The group issuing the report critical of Iran and calling for additional measures to impact on its aspirations, call for a broader, tougher range of sanctions to suppress the regime's plans. The report, The Danger of a Nuclear, Genocidal and Rights-Violating Iran claims it is incumbent on the international community to advance beyond the last of the UN Security Council resolutions, and ban gas shipments to Iran, among other more stringent measures.

How it is that a country that has normalized calling for the annihilation of another country to the extent that the august United Nations hardly blinks an eye, and still is able to muster support from like human-rights-destructive countries; has been able to defy the international community (the democratic countries of the West; the Security Council, the U.S., the E.U., its Middle East neighbours) is beyond comprehension.

Iran's President Ahmadinejad is able to mock the condemnations levelled against it by the international community, because nothing anyone or any body constructs to thwart its plans has been remotely successful. The country still has its stalwarts, particularly two within the Security Council itself, and can count among those countries who support its 'peaceful' agenda, and battle with the "Zionist entity" countries like Turkey, no longer secular and (European-)Western-oriented, along with Venezuela, North Korea and Syria, a line-up of some of the world's most miserable dictatorships. (Afghanistan and Pakistan, not to be overlooked.)
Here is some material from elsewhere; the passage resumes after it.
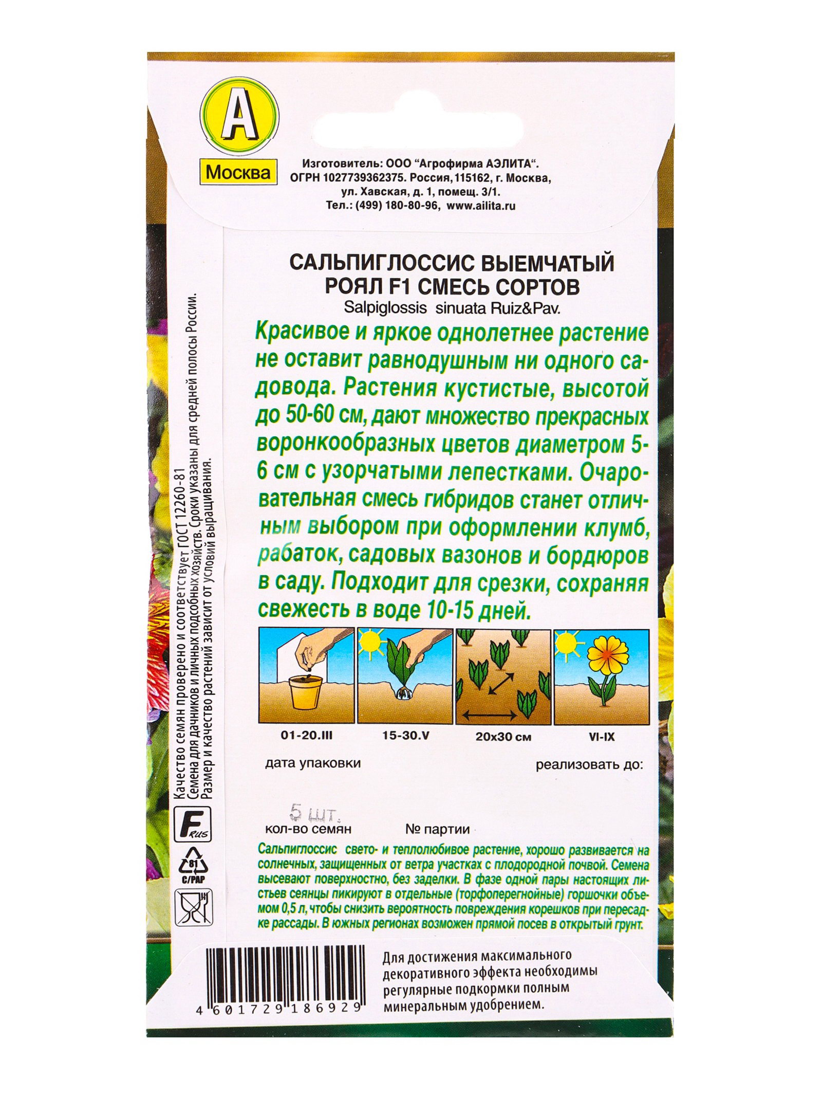 Семена цветов Сальпиглоссис Роял F1, смесь сортов Золотая серия, Ц/П,5 шт., Агрофирма АЭЛИТА, Чили

Iran, like any country whose international-social dissonance is such that it covets nuclear weaponry while cossetting militias dedicated to the violent overthrow of democratic governments, arming, training and covertly utilizing terror groups like Hezbollah and Hamas to deliver their message of unrepentant raging hatred, will remain defiant to the bitter end. It's just simply that as a clear and present danger to international peace and security the spectre of the bitter end is what haunts.

Its agenda of state-sponsored terrorism, its control of well-armed and religion-sanctioned jihadis, its ideological certainty that it has the ear, the eye and the blessing of Allah, and thus does nothing but secure its own place in Paradise, allied with its bellicose and belligerent need to strike fear into the hearts of other countries, while violating the basic core of human rights entitlements of its own people, mark it as a very special country indeed.
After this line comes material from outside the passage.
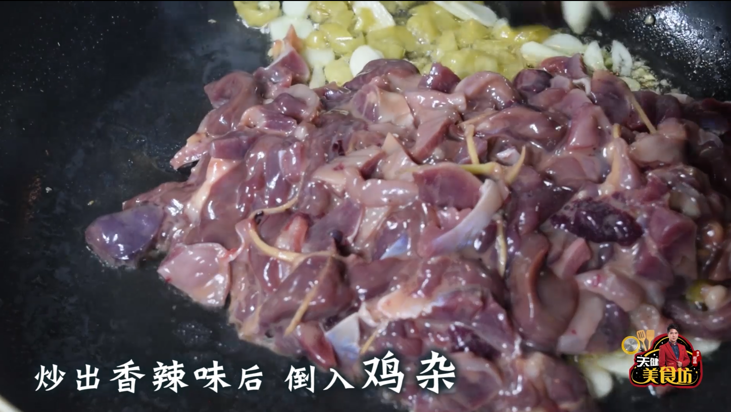 接下来我们开始正式烹饪,起锅加油烧热,油温烧至5成热时,放入野山椒和蒜片,小火炒香,炒香之后,倒入腌制好的鸡胗和鸡肝,大火翻炒至断生,然后倒入鸡肠,翻炒均匀,再淋入少许料酒,翻炒入味去腥!

Second in the world for the number of executions the state carries out, it represents as the world's leading executioner of children. Its solution for the scourge of homosexuality and for apostates and for those practising 'false' versions of Islam is imprisonment, torture, death. Its dedication to the persecution of its own people, its commitment to inflicting fear wherever it can, sets it apart as an particularly officiously odious regime.

Sham trials, forced confessions, systematic prison rape are all the marks of a brutal theocracy determined to hold its grasp on power, to relinquish it to no one other than God, and needless to say, God is on their side.